The other half acre plot with the barn on is a different kettle of fish, however…

As far as we can see, as well as the barn there’s a collapsed stone, timber and slate structure which will be plundered for useful building materials (there’s a market here in old oak beams) and also a pond. There are also various fruit trees, including plum, cherry and apple, as well as sloe bushes. The whole area is totally overgrown with brambles of gigantic proportions. The plot runs right alongside our neighbours’ potager so we’re thinking that this may be a good place to site ours eventually.

Of course, we now have huge piles of rubbish, so I predict a bonfire very soon…
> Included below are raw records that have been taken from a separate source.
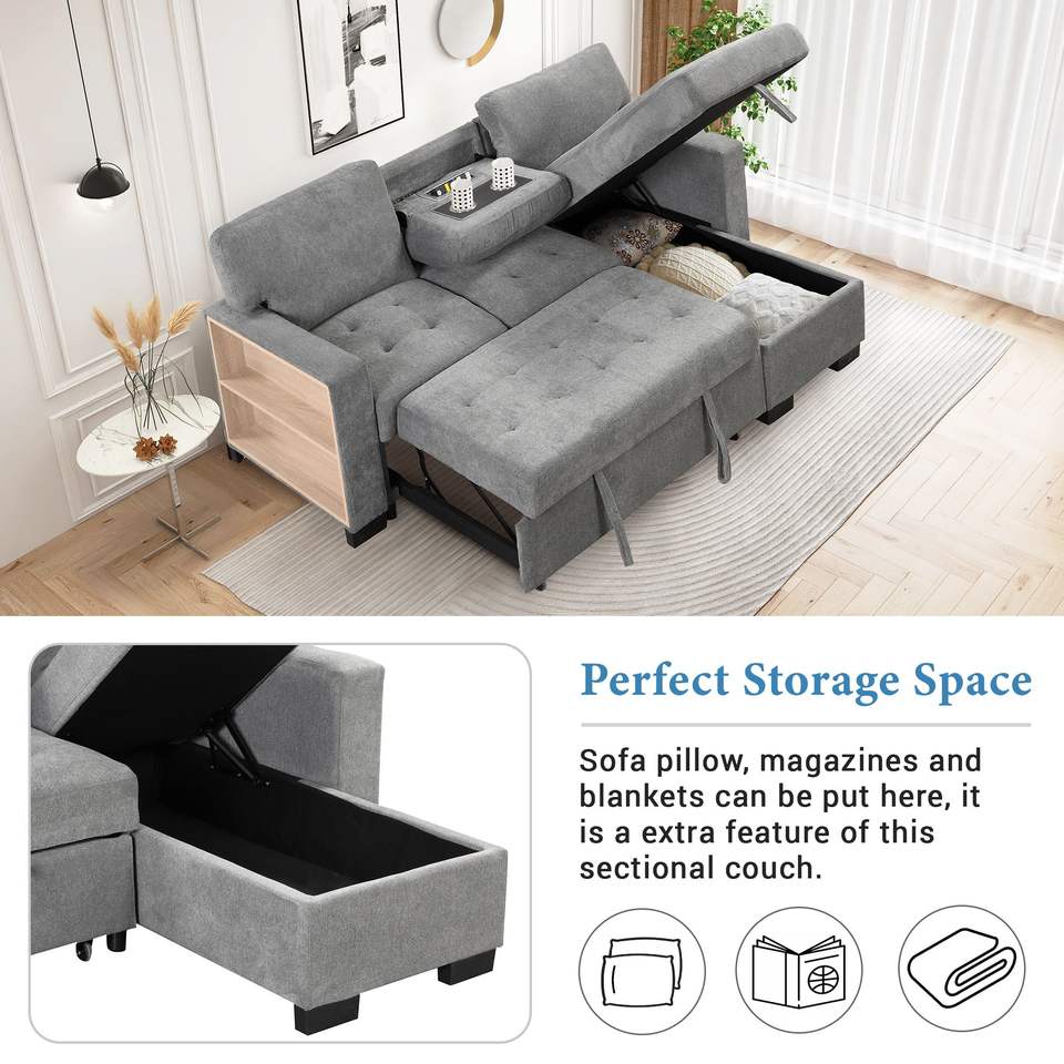 Elegante e Funzionale Divano Letto Sezionale con Chaise Longue, Scaffale Portaoggetti, Tavolino Estraibile e Caricatore USB
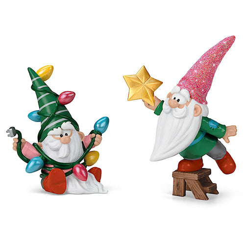 The Ashton-Drake Galleries The Christmas Tree Gnome Figure Collection Issue #3: Lumen and Twinkle Toes Handcrafted Resin Gnomes with Story Cards & Fabric Accents Christmas Decoration 4-Inches
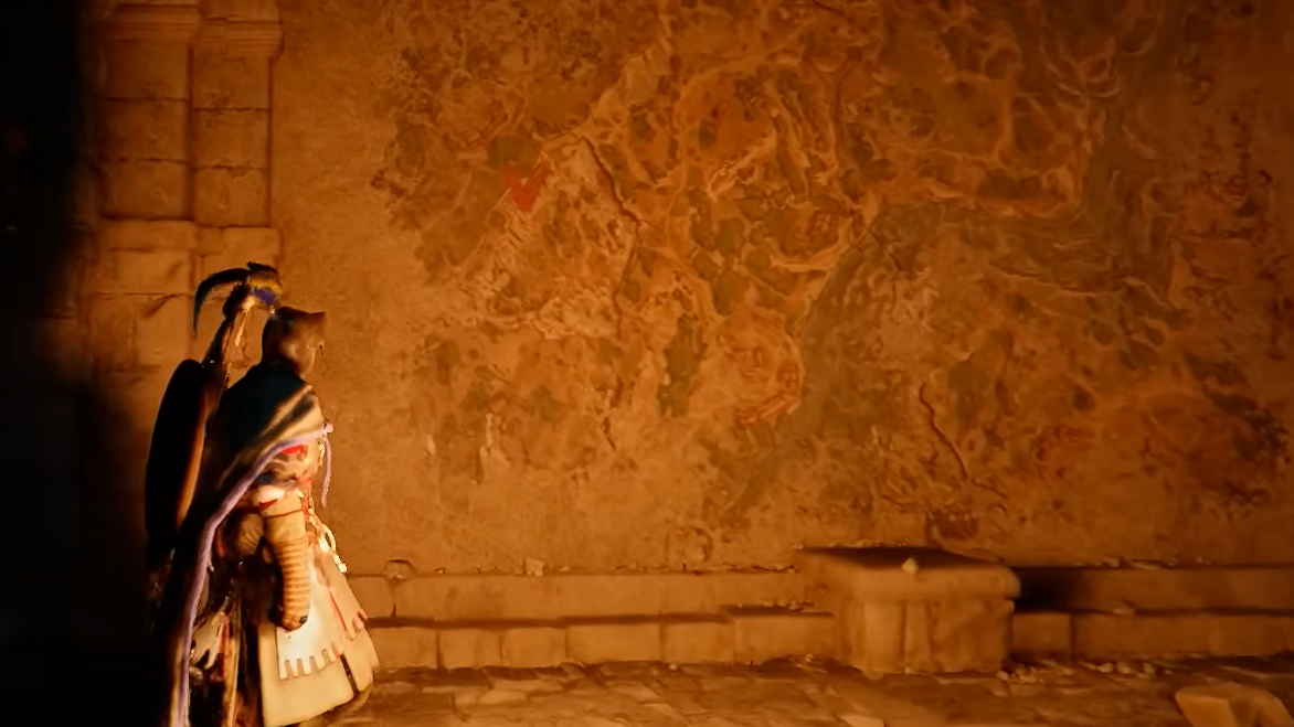 Step 3: Stand in front of the central painted mural — the one depicting a tree — and push it. Hold the input for several seconds. The wall slowly slides open, revealing the puzzle chamber inside.
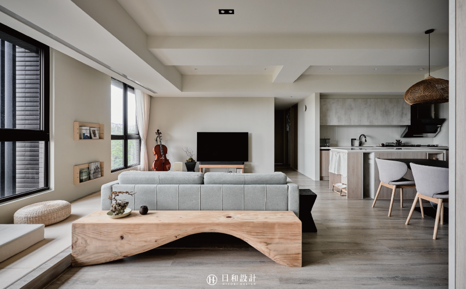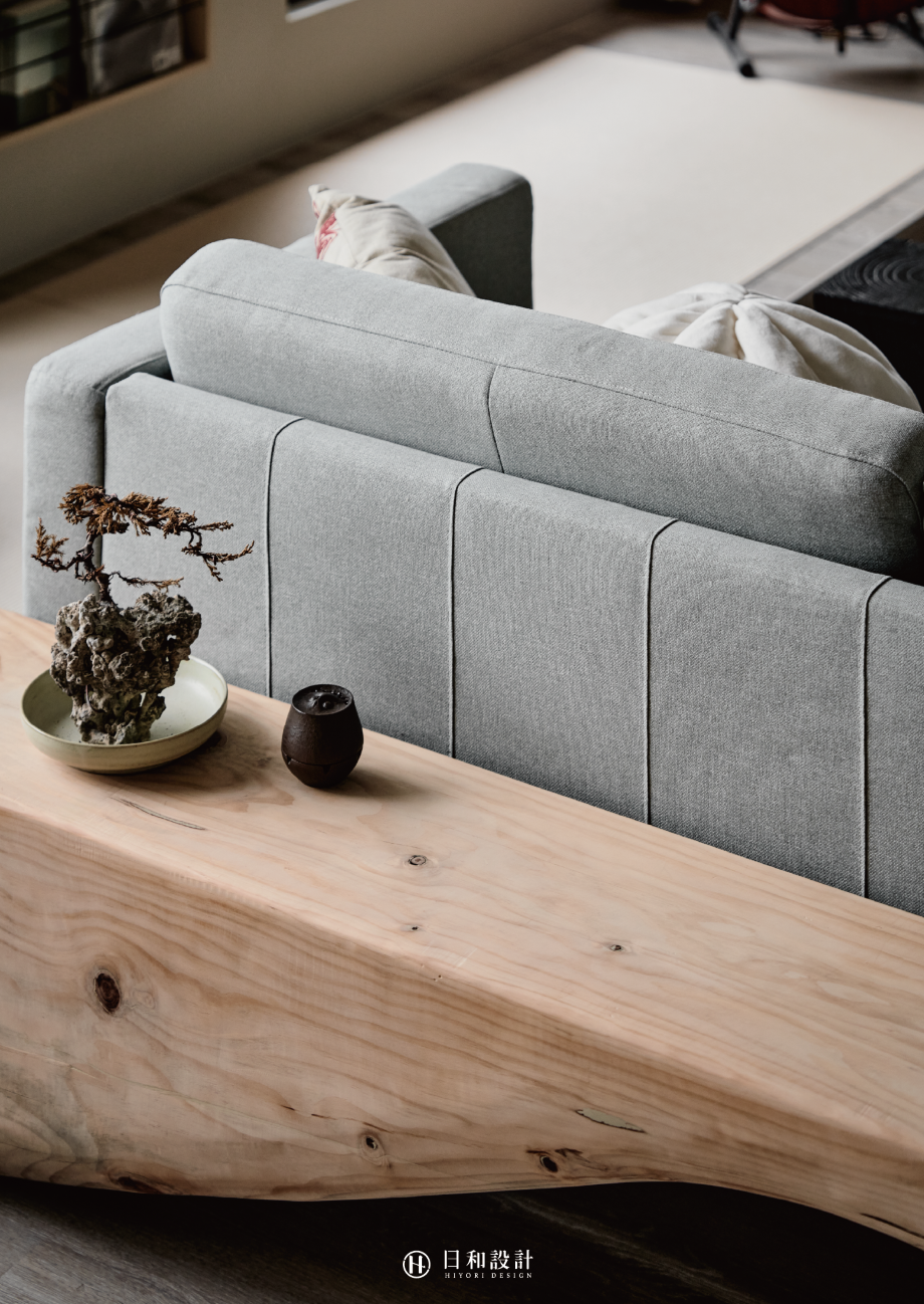 柔灰色的布製沙發,輕柔地圍塑出一處隨性而親和的交流場域,搭配一張紋理獨特的原木茶几,彷彿大地的肌理在指尖蔓延,為空間注入溫潤而自然的質感。

I’m not normally a keen gardener – I’ve always left that to Mrs Shark who is – but I’m enjoying this garden clearing lark immensely. I just wish we could get on with the house as well, but it’ll come eventually.

Patience, SteveShark…patience…

10 Responses

  1. “I’m not normally a keen gardener – I’ve always left that to Mrs Shark who is – but I’m enjoying this garden clearing lark immensely.”
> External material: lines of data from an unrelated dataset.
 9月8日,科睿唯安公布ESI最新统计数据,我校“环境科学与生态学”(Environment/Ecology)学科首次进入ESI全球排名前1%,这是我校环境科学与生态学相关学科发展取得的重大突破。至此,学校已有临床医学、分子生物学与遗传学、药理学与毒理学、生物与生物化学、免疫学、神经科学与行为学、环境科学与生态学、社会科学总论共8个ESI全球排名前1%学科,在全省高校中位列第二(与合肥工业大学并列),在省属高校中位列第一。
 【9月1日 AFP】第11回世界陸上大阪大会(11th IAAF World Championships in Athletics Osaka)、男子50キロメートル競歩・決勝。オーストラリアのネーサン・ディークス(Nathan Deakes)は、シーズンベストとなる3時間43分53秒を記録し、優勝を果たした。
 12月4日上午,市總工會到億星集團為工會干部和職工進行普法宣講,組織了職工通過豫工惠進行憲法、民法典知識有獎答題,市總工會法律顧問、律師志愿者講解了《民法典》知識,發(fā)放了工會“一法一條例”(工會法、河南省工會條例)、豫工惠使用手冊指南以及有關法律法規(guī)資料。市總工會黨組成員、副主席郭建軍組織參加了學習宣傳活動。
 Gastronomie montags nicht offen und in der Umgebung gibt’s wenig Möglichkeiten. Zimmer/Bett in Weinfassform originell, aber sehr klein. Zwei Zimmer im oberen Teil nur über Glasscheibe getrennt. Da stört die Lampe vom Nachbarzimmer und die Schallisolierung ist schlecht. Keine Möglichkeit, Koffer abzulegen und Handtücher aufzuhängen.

    Give a man power tools, and he’s happy… 😉

  2. i have to say that I am in the middle of buying my second property in the area I live in in France and it is going perfectly, the omly problem is caused by me, trying to find some paperwork the Notaire needs, good luck with the purchase though.
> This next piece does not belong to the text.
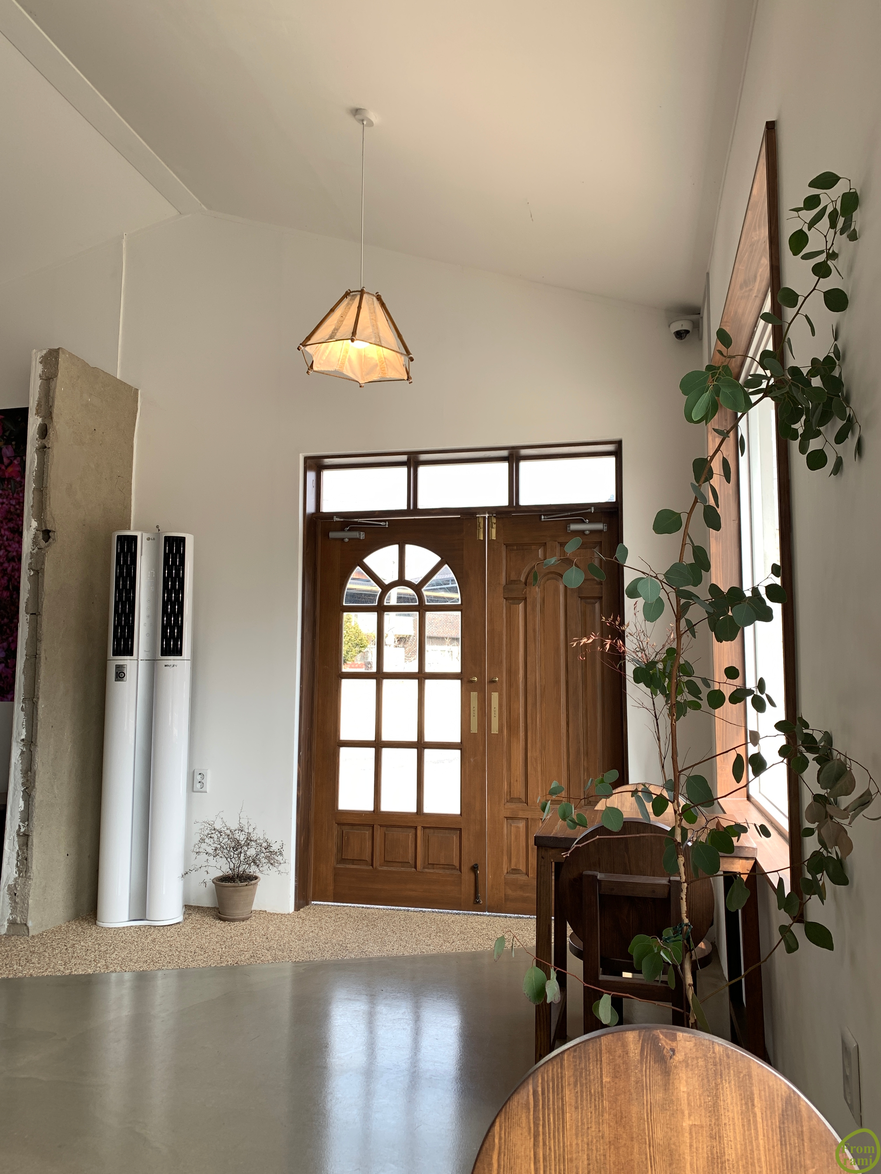 넓지 않은 공간이지만 흰벽과 높은 층고, 나무로 통일감을 주어서인지 깔끔하고 넓어 보이더라고요. 선인장과 화분들이 잘 자라고 있네요~!! 해가 이곳저곳에서 잘 들어서 꽃도 활짝 피었나 봅니다.

  3. Slash and burn gardening! The best kind! With petrol-powered plant pulverisers too. Oh, it’s a herbicidal maniac’s dream.

    The only reasons for growing anything are to eat them, smoke them or burn them. Plants have no other purpose. Grass grows just so we can imagine other people’s faces on it while mowing. It’s therapeutic.

    Next you’ll need the chemical weapons – the Weed Death Spray, the Slug Pub of Doom and the Ant Napalm (burning polystyrene on the end of a stick).

    Gardening can be fun if you look at it from a Vlad the Impaler viewpoint.

    Just don’t kill the hedgehogs. Gardens are improved by anything with spikes.

  4. Oh yes, we’ve been waging chemical warfare too – fucking right!
    Stump killer, herbicides and insecticides of all kinds.
    One of of our future neighbours commented on our use of chemicals as environmentally unfriendly but, eh monsieur, what the merde if it works?

  5. I’ve also bought a chainsaw…

    MWHA-HA-HA!

  6. Weedkiller, environmentally unfriendly. I’ve had this argument before.

    The environment is full of weeds. I don’t like weeds. Therefore I need something that is unfriendly to this environment and friendly to the one I’d rather have.

    Ooo, look. Environmentally unfriendly chemicals. Just what I need.

    Then I can concrete the bastard thing and cover it with Astroturf.

    I have seriously considered concreting the flower beds, painting the concrete brown and drilling holes I can put plastic flowers into every spring. So far I haven’t but it puts the shits up the plants whenever I explain it to them.

    Have to keep them scared. I learned that from Government.

  7. I wish I had an excuse to buy a chainsaw. Just in case of zombie attack.

  8. I haven’t used it yet, although my brother-in-law is coming to stay today so he’ll teach me to use it.
    It’s not something I’d want to fall foul of…

  9. Two gardening hints : 1 Don’t grub up the blackthorn (that green shambles with the sloes on it). 2. Don’t listen if some fool says “make sloe gin”. That would be a total waste; they make FABULOUS jam.

  10. I really enjoy gardening! I’m looking forward to reading your posts!